[[ INPUT DATA open ]]
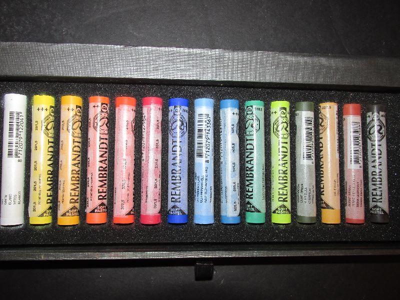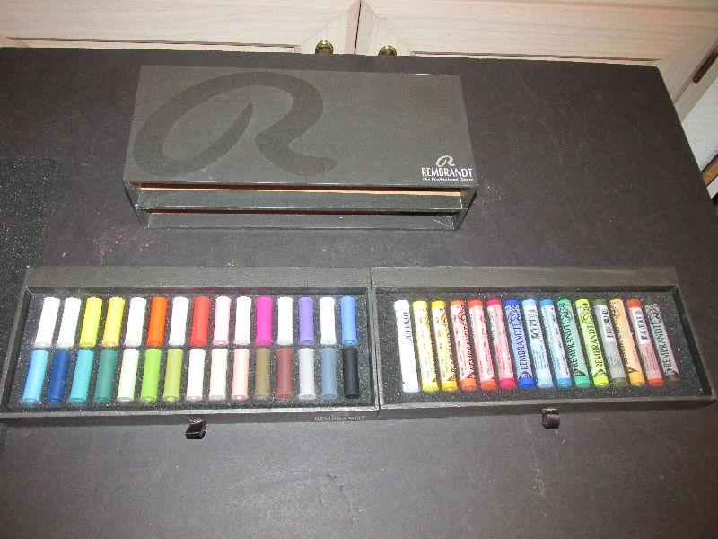 Rembrandt Pastel Box. Brand new unused. Box contains 30 hard pastels in one drawer and 15 soft pastels in another drawer.
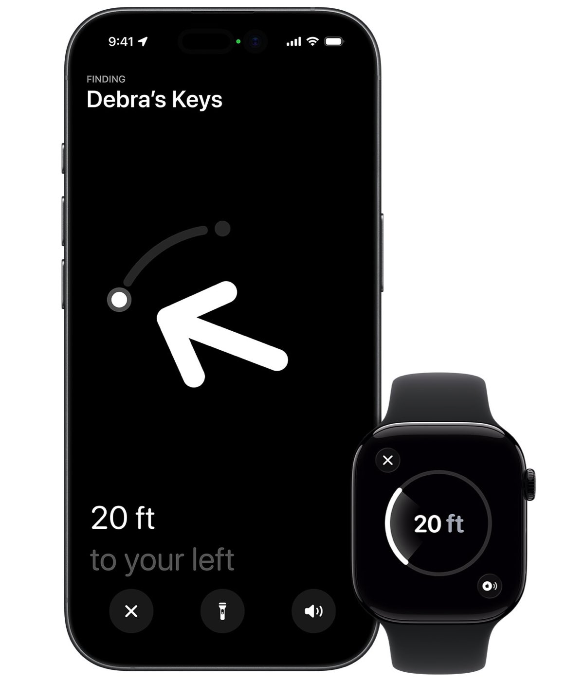 Vergeten waar je je sleutels hebt gelaten? Geen probleem als er een AirTag aan vastzit. Open de Items-tab in de Zoek Mijn-app of vraag Siri om hulp als dat wat je zoekt bij je in de buurt is. En met een 50% luidere speaker kun je AirTag nu van twee keer zo ver horen.
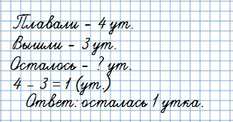 На пруду плавали 4 утки и 8 гусей. На берег вышли 3 утки и столько же гусей. Сколько уток и сколько гусей осталось в воде?
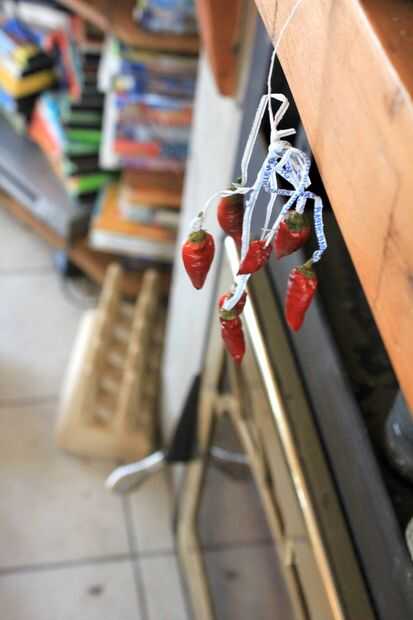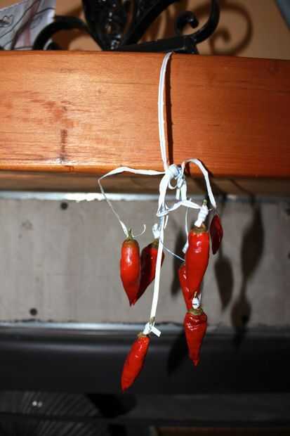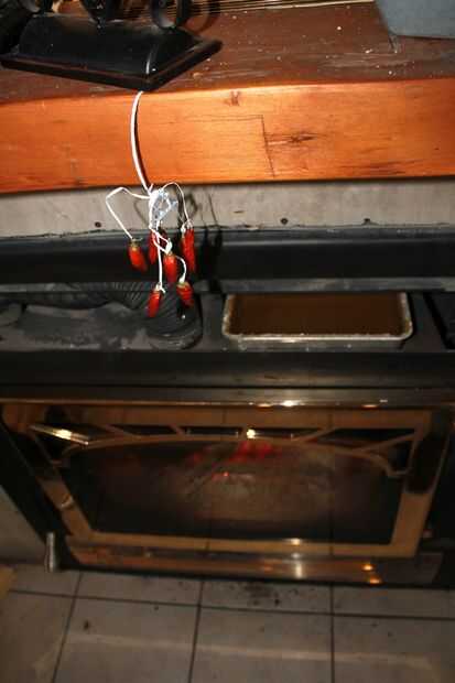 Hemos estado utilizando una estufa este otoño para acelerar el proceso de secado de madera, pero una vez más, no es necesario. En nuestra última casa, colgamos los pimientos en un pomo de armario sobre la estufa durante una semana.
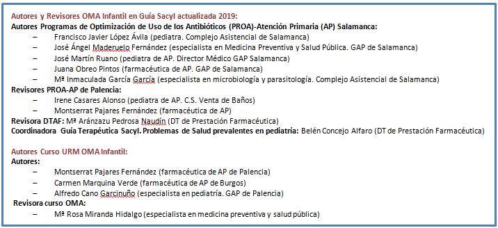 El módulo de formación de otitis media aguda (OMA) en pediatría se elaboró en 2009, dentro del proyecto de formación on-line en el Uso Racional del Medicamento.
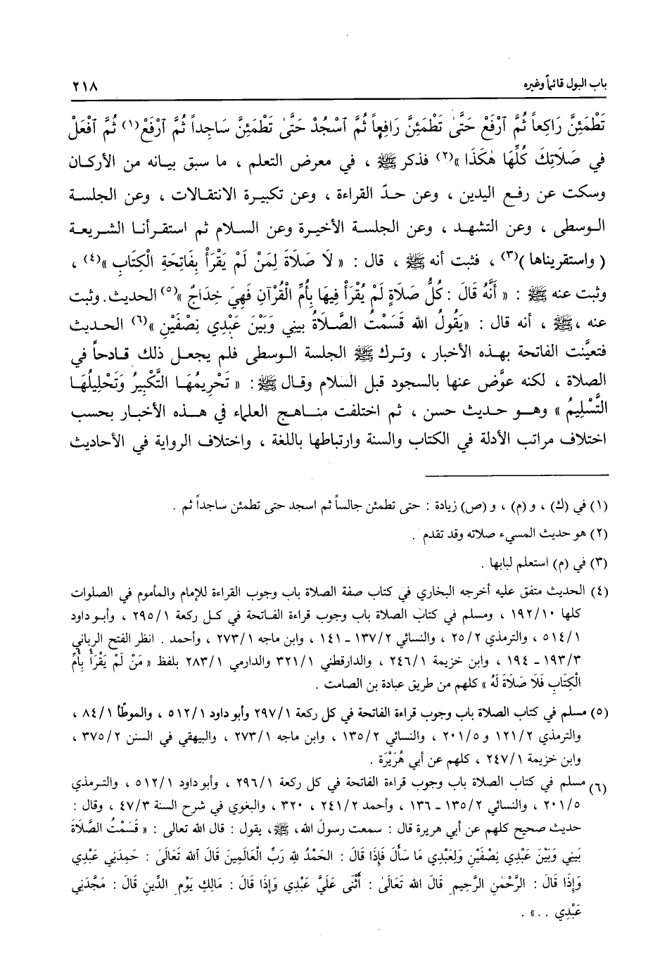 تَطْمَئِنَّ رَاكِعاً ثمَّ ارْفَعْ حَتَّى تَطْمَئِنَّ رَافِعاً ثمَّ اسْجدْ حَتَّى تَطْمَئِنَّ سَاجِداً ثم ارْفَعْ (¬1) ثم افْعَلْ في صَلَاتِكَ كلِّهَا هكَذَا" (¬2) فذكر - صلى الله عليه وسلم -، في معرض التعلم، ما سبق بيانه من الأركان وسكت عن رفع اليدين، وعن حدّ القراءة، وعن تكبيرة الانتقالات، وعن الجلسة الوسطى، وعن التشهد، وعن الجلسة الأخيرة وعن السلام ثم استقرأنا الشريعة (واستقريناها) (¬3)، فثبت أنه - صلى الله عليه وسلم -، قال: "لَا صَلاَةَ لِمَنْ لَمْ يَقْرَأْ بِفَاتِحَةِ الْكِتَابِ" (¬4)، وثبت عنه - صلى الله عليه وسلم -: "أَنَه قَالَ: كلُّ صَلَاةٍ لَم يُقْرَأْ فِيهَا بِأمِّ الْقرْآنِ فَهِيَ خِدَاجٌ" (¬5) الحديث. وثبت عنه، - صلى الله عليه وسلم -، أنه قال: "يَقُولُ الله قَسَمْت الصلَاةُ بيني وَبَيْنَ عَبدِي نِصْفَيْنِ" (¬6) الحديث فتعيَّنت الفاتحة بهذه الأخبار، وترك - صلى الله عليه وسلم - الجلسة الوسطى فلم يجعل ذلك قادحاً في الصلاة، لكنه عوَّض عنها بالسجود قبل السلام وقال - صلى الله عليه وسلم -: "تَحْريمهَا التَكْبِير وَتَحْلِيلهَا التَّسْلِيم" وهو حديث حسن، ثم اختلفت مناهج العلماء في هذه الأخبار بحسب اختلاف مراتب الأدلة في الكتاب والسنة وارتباطها باللغة، واختلاف الرواية في الأحاديث
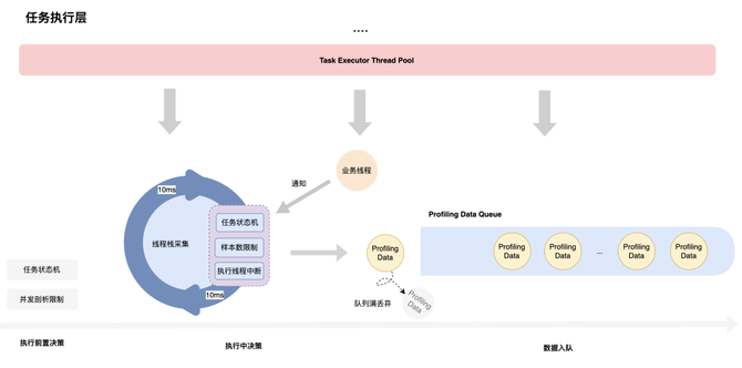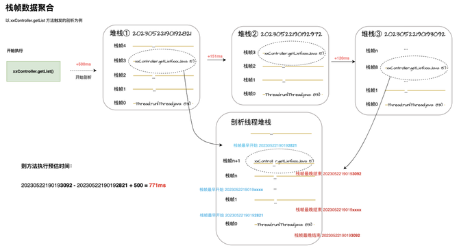 任务执行时,剖析线程将周期性采集线程的堆栈,而为了方便后续的分析工作,也会同时记录当前堆栈产生的时间戳,直到业务线程发出中断通知,或采集样本数达到上限,或任务状态发生改变,然后中断剖析线程的执行。
[[ INPUT DATA closed ]]
* **PROBLEM DETAILS**:
Beginning with the first line of the records and ending with the line that contains "El módulo de", reproduce every line exactly, omitting pictures and adding nothing.

* **WRITTEN RESPONSE**:
 Rembrandt Pastel Box. Brand new unused. Box contains 30 hard pastels in one drawer and 15 soft pastels in another drawer.
 Vergeten waar je je sleutels hebt gelaten? Geen probleem als er een AirTag aan vastzit. Open de Items-tab in de Zoek Mijn-app of vraag Siri om hulp als dat wat je zoekt bij je in de buurt is. En met een 50% luidere speaker kun je AirTag nu van twee keer zo ver horen.
 На пруду плавали 4 утки и 8 гусей. На берег вышли 3 утки и столько же гусей. Сколько уток и сколько гусей осталось в воде?
 Hemos estado utilizando una estufa este otoño para acelerar el proceso de secado de madera, pero una vez más, no es necesario. En nuestra última casa, colgamos los pimientos en un pomo de armario sobre la estufa durante una semana.
 El módulo de formación de otitis media aguda (OMA) en pediatría se elaboró en 2009, dentro del proyecto de formación on-line en el Uso Racional del Medicamento.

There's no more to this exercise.